Making Work That Actually Feels Like It Matters
There’s a difference between making something that looks good and making something that feels like it has a reason to exist. I didn’t think about that much at first. I was making work, finishing pieces, putting things out there. It looked good, it fit together, it did what it needed to do. That was enough for a while, but at some point that stopped working for me. I’d be in the studio, going through the same motions, and it started to feel a little empty. It started to feel like I was repeating myself and wasn’t really connected to it. I kept asking myself why I was making it and didn’t always have a clear answer.
That’s when things started to change. Not all at once, and not in a way that anyone else would have noticed right away. I was still using the same materials and working in a similar way. The difference was in where I started. Instead of asking what would look good or what would fit into a series, I started asking what I actually cared about at that moment. That shifted the whole process.
One of the first things that helped was giving myself time to make work that didn’t have to go anywhere. No plan to share it, no connection to a project or a deadline, just time to sit with an idea or a feeling and see what came out of it. That felt strange at first, especially when so much of my work is tied to teaching or selling or showing. But it made it easier to be honest about what I was doing instead of shaping it for an audience before it was ready.
A lot of that work came from things I was already thinking about but hadn’t made space for. Small things that kept circling in my head, something I was avoiding, something I didn’t fully understand yet. Once I started there, the work felt different. It wasn’t always better, but it felt more connected.
I also started writing alongside the work, which is something I avoided for a long time. Not anything formal, just a few sentences after a session about what happened while I was working. What felt off, what surprised me, what I wanted to come back to. I don’t go back and read it very often, but writing it down makes it easier to see the thread running through the work instead of treating each piece like it exists on its own.
There’s also a point in the middle of a piece where I’ve learned to pause and check in. Not to judge it, just to make sure I’m still engaged with it. It’s easy to keep going out of habit, especially when you’re used to finishing things. Taking a step back in the middle of it helps me decide whether it’s still worth continuing or if I need to change direction.

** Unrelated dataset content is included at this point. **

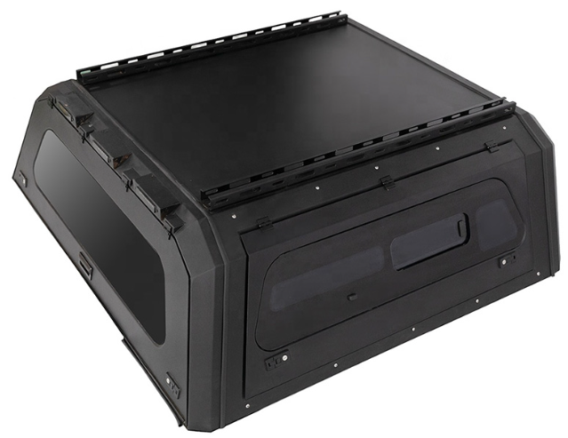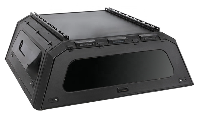 Su estructura rígida y su diseño angular entregan seguridad, orden y una estética profesional, mientras que su techo incorpora rieles superiores integrados, permitiendo montar accesorios y seguir aprovechando la camioneta al máximo.

A lot of the meaning in my work didn’t show up right away. It usually took a few pieces before I could see what I was actually working through. That’s something I’ve had to get comfortable with. Not needing to have it all figured out at the beginning and letting it build over time instead.
Working in small series helped with that. Staying with the same idea for a few pieces instead of jumping to something new every time made it easier to go a little deeper. The work started to connect in ways I couldn’t see when I was treating everything as separate.
I also spent some time paying attention to what I actually care about outside of the studio. Not in a formal exercise kind of way, just noticing what keeps coming up, what I’m drawn to, what I’m still trying to understand. That has a way of showing up in the work whether I plan for it or not, but it becomes easier to recognize when I’m paying attention to it.
Sometimes I’ll go back to older pieces and think about what was happening when I made them. What I was carrying into the studio, what I was avoiding, what I was trying to figure out. That makes it easier to see where meaning already exists in the work instead of trying to force it into something new.
When the work feels more grounded for me, it changes how I share it too. It’s easier to talk about because I’m not trying to explain what it looks like. I can talk about what led to it, or what I was thinking about while I was making it. That tends to connect with people in a different way.
That doesn’t mean every piece has to carry a lot of weight. Some things stay simple. Some pieces are about color or movement or just the act of making something after a long day. That still counts. It’s not about turning everything into something heavy, it’s about being aware of what’s driving the work when it matters. If your work has been feeling a little disconnected, it might help to pay attention to where you’re starting from. Not trying to fix it all at once, just noticing whether the work still feels like it belongs to you.